**What is expected**.
Begin at the line below that holds "Hogy a másik" and end at the line that holds "artistic portrait of", transcribing each line exactly and skipping any picture.

**Dataset entries**.

━━━━

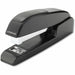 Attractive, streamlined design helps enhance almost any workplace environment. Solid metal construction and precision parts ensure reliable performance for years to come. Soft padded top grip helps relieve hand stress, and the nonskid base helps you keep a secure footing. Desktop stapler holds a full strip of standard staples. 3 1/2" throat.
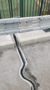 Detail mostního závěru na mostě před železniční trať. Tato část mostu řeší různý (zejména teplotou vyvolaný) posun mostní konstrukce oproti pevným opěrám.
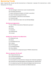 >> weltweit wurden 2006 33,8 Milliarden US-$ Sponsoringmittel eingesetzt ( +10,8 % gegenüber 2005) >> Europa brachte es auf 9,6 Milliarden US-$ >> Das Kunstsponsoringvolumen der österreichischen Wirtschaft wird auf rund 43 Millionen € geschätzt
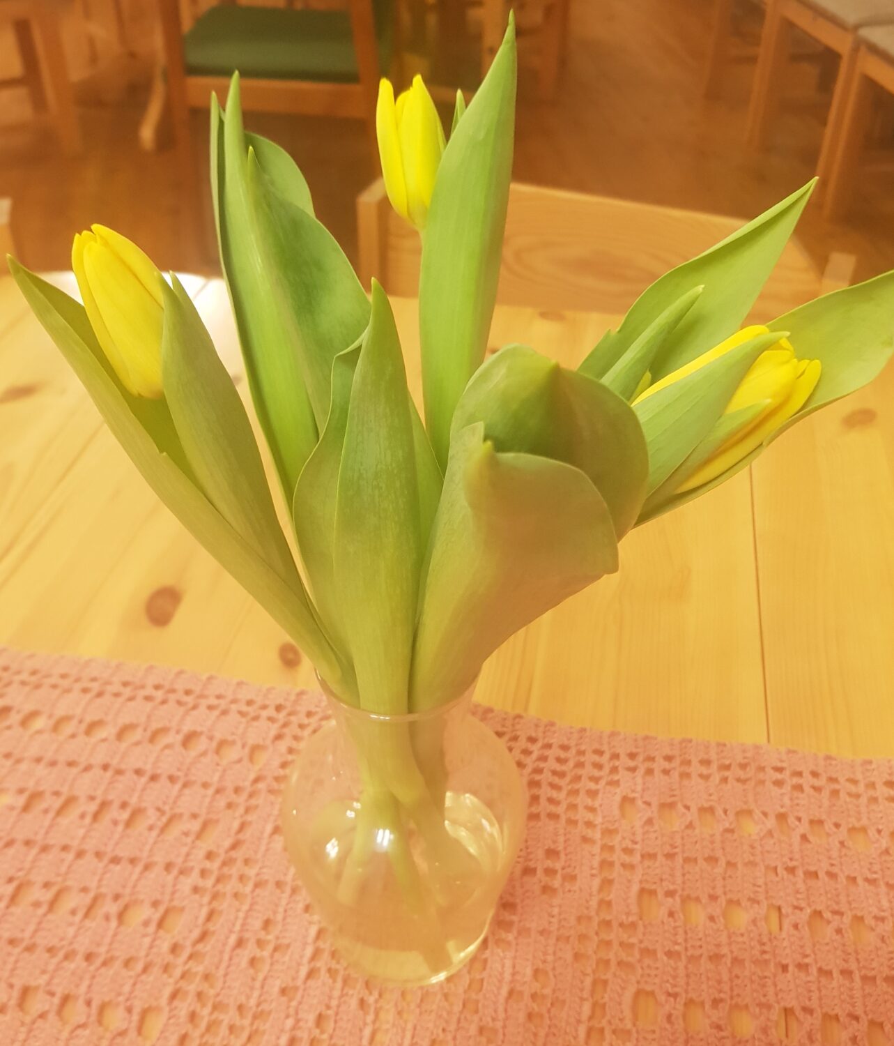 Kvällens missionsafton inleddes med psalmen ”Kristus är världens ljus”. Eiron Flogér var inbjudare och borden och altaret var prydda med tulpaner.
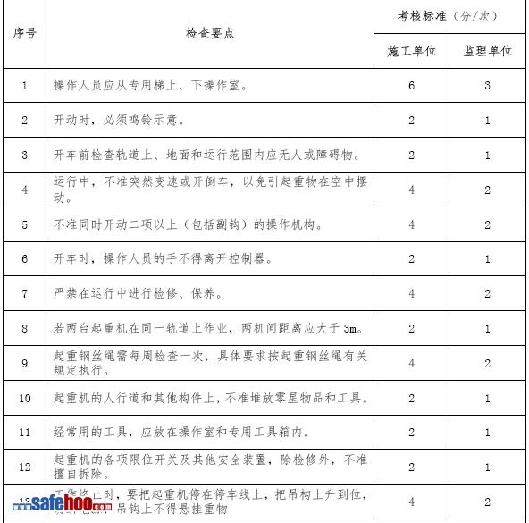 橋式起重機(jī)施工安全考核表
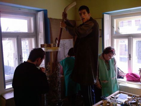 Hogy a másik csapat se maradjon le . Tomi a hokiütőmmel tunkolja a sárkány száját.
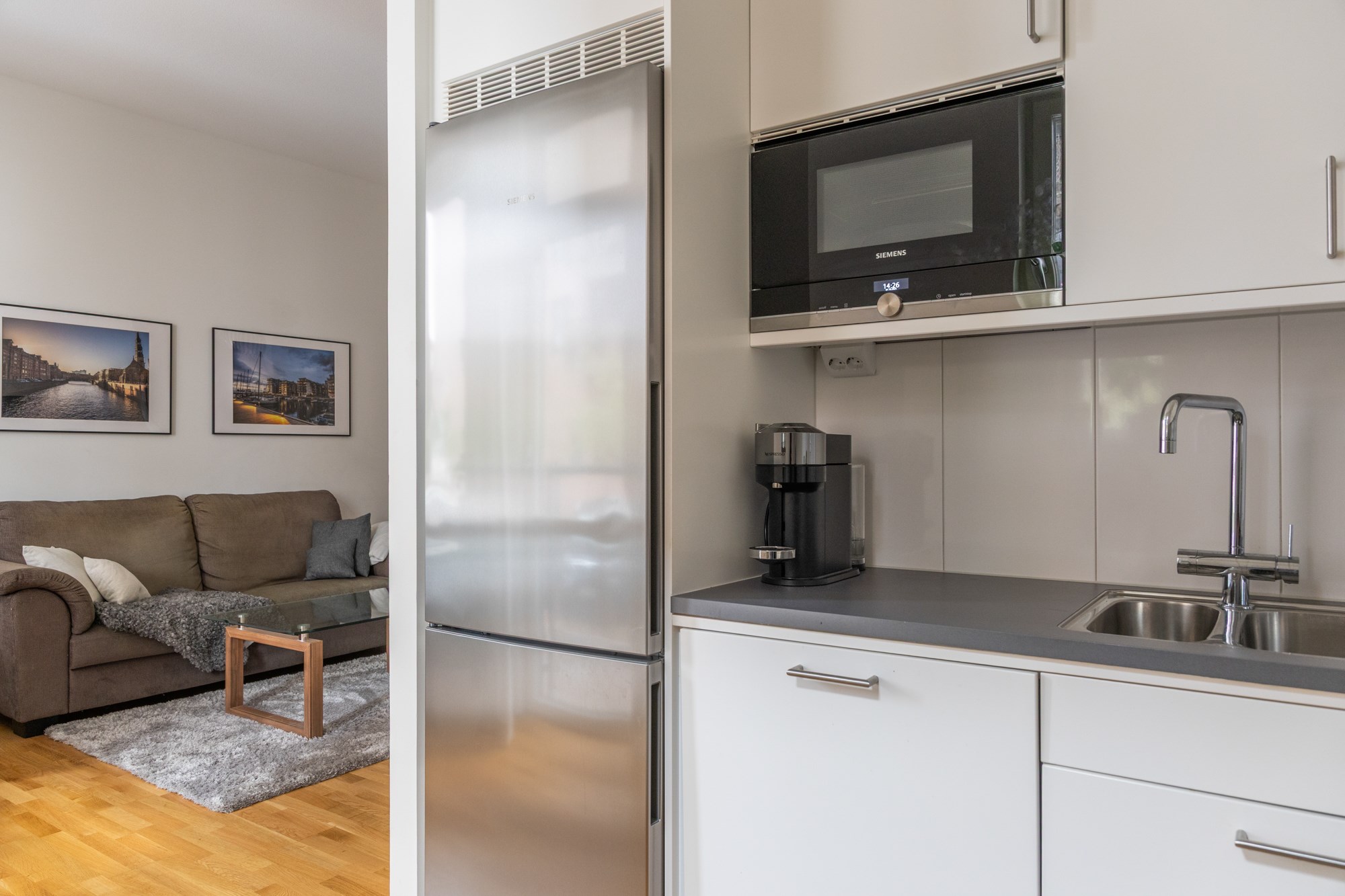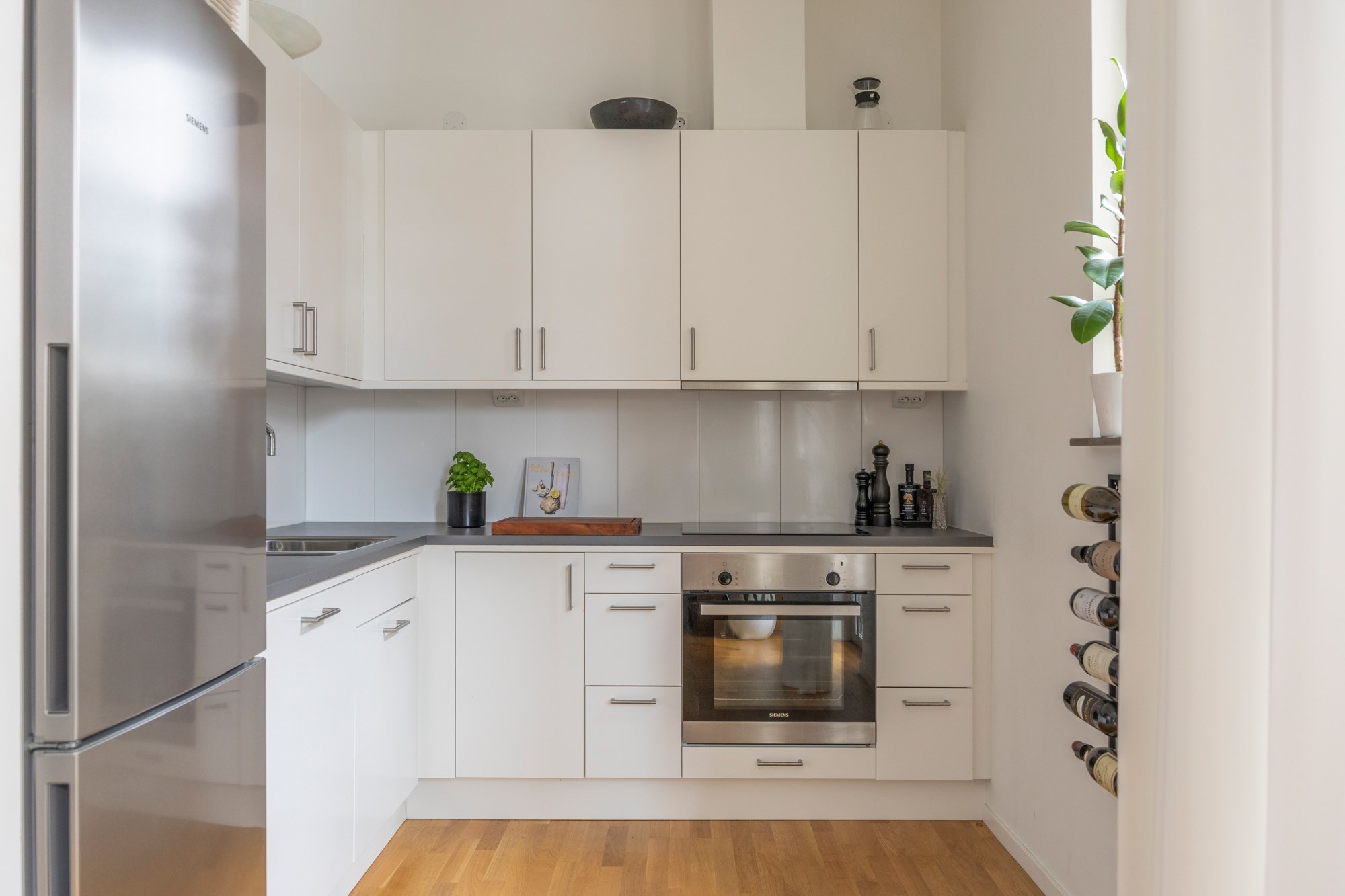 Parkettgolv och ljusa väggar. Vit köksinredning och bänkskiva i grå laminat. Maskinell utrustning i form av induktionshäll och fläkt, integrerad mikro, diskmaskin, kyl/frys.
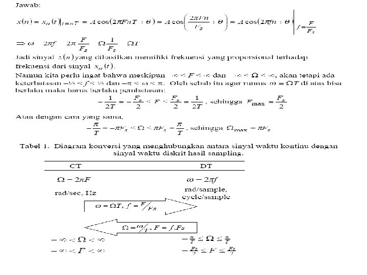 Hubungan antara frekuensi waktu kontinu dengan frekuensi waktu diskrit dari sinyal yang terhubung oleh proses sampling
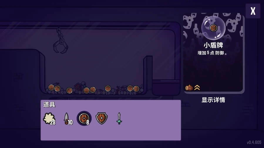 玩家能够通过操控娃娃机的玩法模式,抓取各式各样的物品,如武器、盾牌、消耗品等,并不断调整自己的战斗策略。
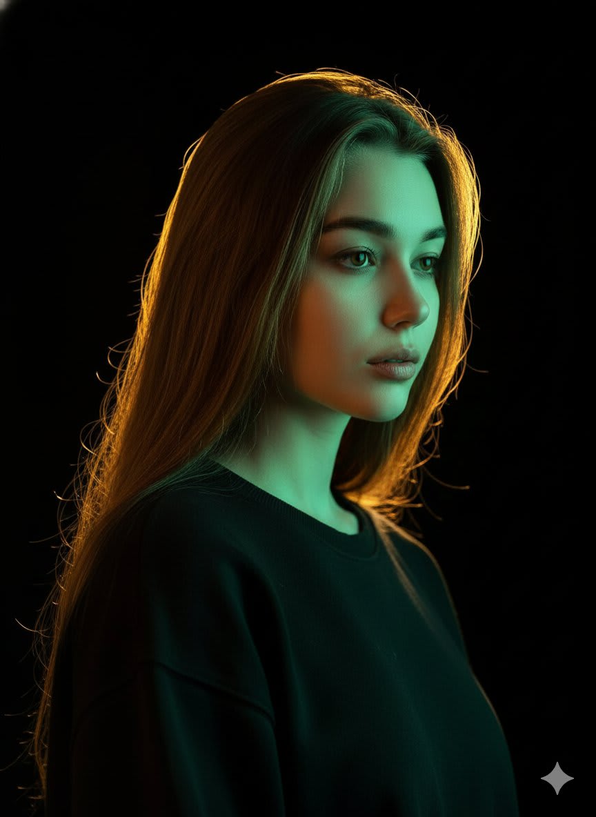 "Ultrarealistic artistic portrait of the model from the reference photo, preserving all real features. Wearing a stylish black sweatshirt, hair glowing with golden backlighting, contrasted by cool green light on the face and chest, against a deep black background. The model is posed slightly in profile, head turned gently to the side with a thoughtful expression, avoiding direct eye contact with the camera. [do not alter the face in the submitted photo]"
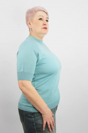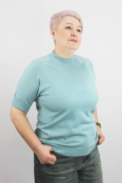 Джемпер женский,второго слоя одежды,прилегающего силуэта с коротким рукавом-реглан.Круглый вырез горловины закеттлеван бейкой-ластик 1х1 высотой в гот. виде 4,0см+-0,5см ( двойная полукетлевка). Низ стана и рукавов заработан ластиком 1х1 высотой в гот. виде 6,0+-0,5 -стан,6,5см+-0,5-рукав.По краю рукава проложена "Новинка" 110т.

━━━━

**Output for this task**.
 Hogy a másik csapat se maradjon le . Tomi a hokiütőmmel tunkolja a sárkány száját.
 Parkettgolv och ljusa väggar. Vit köksinredning och bänkskiva i grå laminat. Maskinell utrustning i form av induktionshäll och fläkt, integrerad mikro, diskmaskin, kyl/frys.
 Hubungan antara frekuensi waktu kontinu dengan frekuensi waktu diskrit dari sinyal yang terhubung oleh proses sampling
 玩家能够通过操控娃娃机的玩法模式,抓取各式各样的物品,如武器、盾牌、消耗品等,并不断调整自己的战斗策略。
 "Ultrarealistic artistic portrait of the model from the reference photo, preserving all real features. Wearing a stylish black sweatshirt, hair glowing with golden backlighting, contrasted by cool green light on the face and chest, against a deep black background. The model is posed slightly in profile, head turned gently to the side with a thoughtful expression, avoiding direct eye contact with the camera. [do not alter the face in the submitted photo]"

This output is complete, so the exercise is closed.